You Are What You Train On: Creating Robust Natural Language Interfaces

Talk
Jonathan Kummerfeld
Talk Series: 
Time: 
02.15.2021 13:00 to 14:00

Natural Language Interfaces like Siri and Alexa help people do things more efficiently, but they are brittle, unable to handle the full range of ways people naturally express themselves. Each of their actions is manually defined by developers, with limited ability to compose actions to make more sophisticated ones. The choice of action is made by a statistical model that is limited by the range of data seen in training. Despite steady progress in the accuracy of these systems, the true scope of remaining challenges has been obscured by the way researchers collect and prepare data.In this talk, I will describe two of my projects that have revealed previously unknown limitations of natural language interfaces and ways to address them. First, I will show that systems for converting questions to SQL queries have limited generalizability beyond examples seen in training (ACL 2018).

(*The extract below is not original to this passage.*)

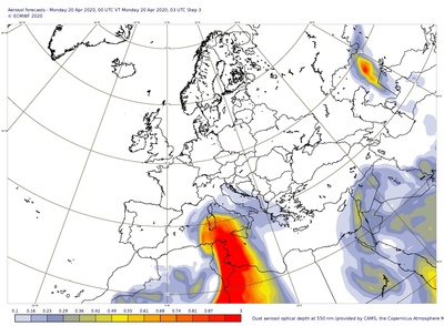 De kaart met voorspellingen van de aerosol concentraties toont aan dat er een stofpluim (aangeduid in het rood op de kaart) van de Sahara richting het westen van de Middellandse Zee trekt.

I propose a new model and a new way to split data into training and test sets that explore this challenge. Second, I will show that standard crowd-worker data collection processes miss the long and heavy tail of ways people speak (ACL 2017). I propose an outlier-based data collection workflow (NAACL 2019), and a complementary taboo list workflow (EMNLP 2020), that improve data diversity and reduce the cost of data cleaning. I will conclude by outlining a research agenda for fundamentally changing the capabilities of these systems. Today we use these systems to do simple tasks, e.g. “start a 5 minute timer”. My work will enable systems to do complex tasks as part of applications, e.g. “Plot population over the last 2000 years with a trend line only and a log scale on the y-axis”.